However, in all the above discussed articles, the effects of long-term memory as one of viscoelastic properties of non-Newtonian fluids have been ignored. As far as we know, the memory formalism can be represented using fractional derivatives [21], and the fractional models have gained an increasing interest in many fields including viscoelasticity. The first authors who used fractional derivatives in viscoelasticity were Bagley and Torvik [22], while Caputo and Mainardi [23, 24] got a very good agreement with experimental data using fractional calculus. Recently, the applicability of fractional calculus in fluid mechanics has been continuously increasing because differential equations can describe some important physical phenomena’ more accurately with fractional derivatives instead of ordinary derivatives. Makris et al. [25] utilized exploratory information in order to calibrate a fractional derivative Maxwell model. All the more precisely, they found an estimation of the partial parameter for the relating material properties to be in superb concurrence with test results.

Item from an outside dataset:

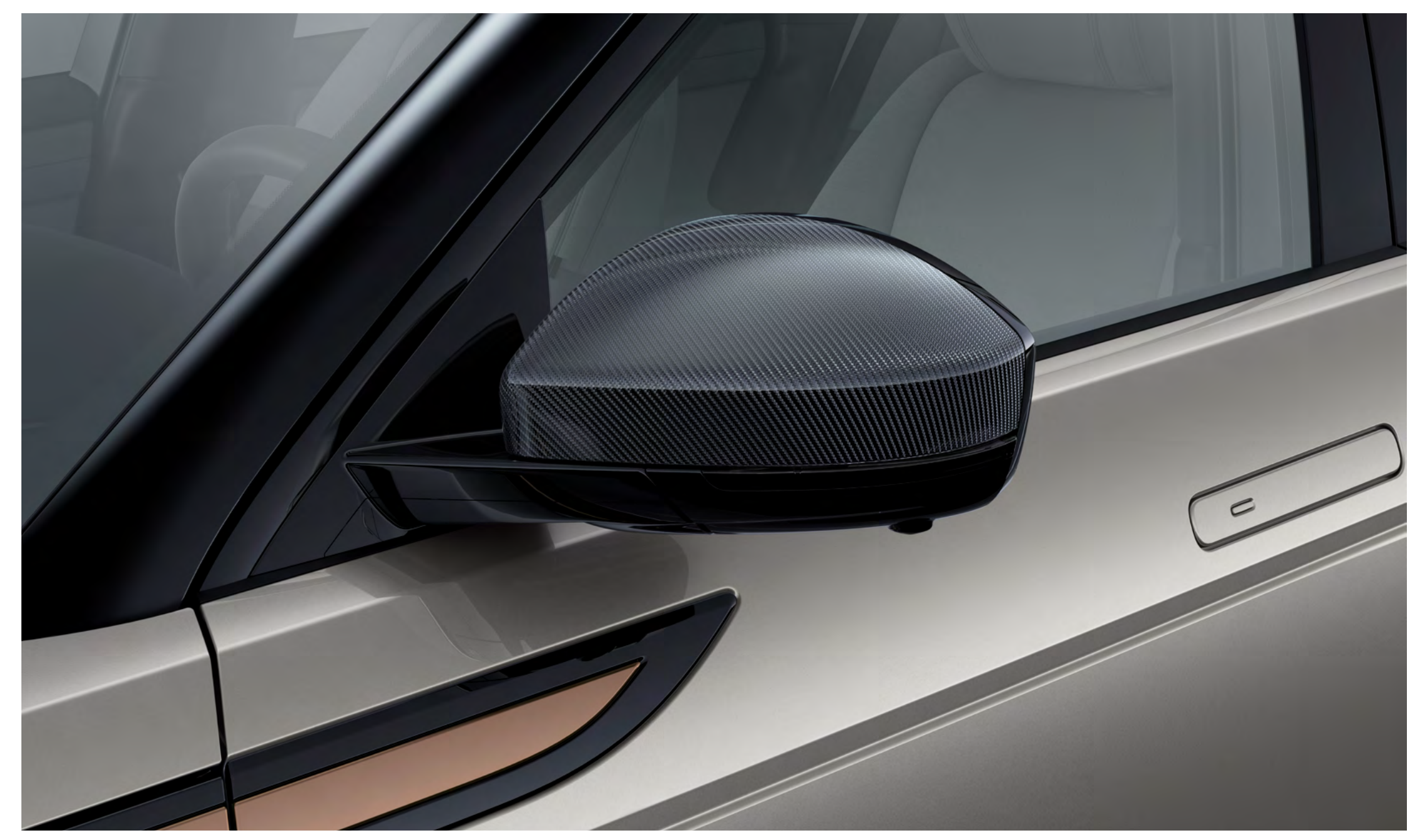
Carbon Fibre Mirror Covers

Stunning high grade Carbon Fibre mirror covers, with a High Gloss finish, provide a performance-inspired premium styling upgrade.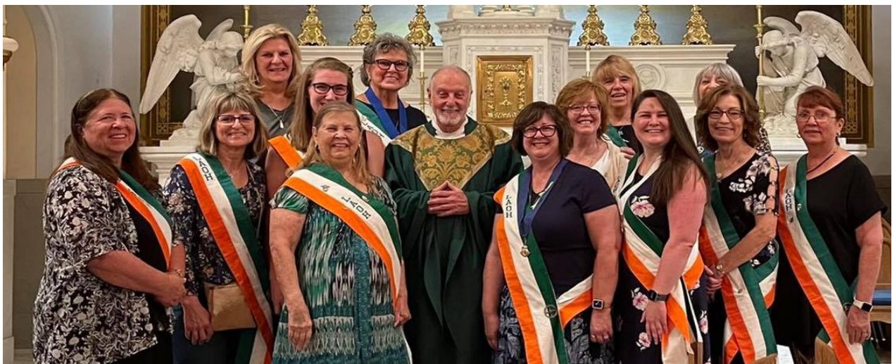
Division One ~ Bristol

Based on the above-mentioned remarks, in the last decade many researchers used the fractional derivatives as a remarkable tool to analyze the properties of viscoelastic fluids [26,27,28,29,30,31,32,33,34]. However, in all these works the motion of the fluid is generated by a cylinder that is rotating around its axis with a given velocity or applies to the fluid a shear stress that is given by a partial differential equation. Consequently, in the existing literature, there is no exact solution about the motions of fractional rate type fluid developed by an infinite cylinder that applies a constant, accelerated, or oscillating shear stress to the fluid. Such solutions for ordinary rate type fluids were recently obtained by Fetecau et al. [35] and Rauf et al. [36] for constant and oscillating stress, respectively, which is on the boundary, while the solutions from [28] and [37] do not examine the constant shear on the boundary as the researchers claimed there. On the other hand, as it was shown by Renardy [38, 39], the boundary conditions on tangential stresses are very significant and a well-posed boundary problem can be generated in this way.

Our objective in this note is to determine closed form solutions of rotational motion of fractional Maxwell fluid in an infinite circular pipe that applies a couple to the fluid which is time dependent. To do that, contrary to the usual rule from the literature, we use the constitutive equation for the tangential stress, which is the result of elimination of velocity field between the constitutive equations and relevant motion of fluid. The solutions for the current flow model that have been achieved fulfill all imposed initial and boundary conditions. Solutions for Newtonian and ordinary Maxwell fluids having similar motion are also obtained as limiting cases. Finally, the effect of fractional parameter and relaxation time on the velocity and shear stress fields as well as some comparisons with ordinary Maxwell and Newtonian fluids are graphically underlined and discussed.

2 Governing equations

Let us consider an incompressible fractional Maxwell fluid at rest in an infinite circular cylinder of radius R. After time \(t = 0\) the cylinder is set in rotational motion about its axis by a time-dependent torque per unit length \(2\pi R g t\) [40], where g is a constant. Because of shear, the fluid is steadily moved and its velocity is

$$\begin{aligned} \mathbf{v}=\mathbf{v}(r,t)=w(r,t)\mathbf{e}_{\theta } \end{aligned}$$

(1)

in a suitable cylindrical coordinate system r, θ, and z. Here, \(\mathbf{e}_{\theta }\) is the unit vector in the θ direction. For such a movement the imperative of incompressibility is fulfilled.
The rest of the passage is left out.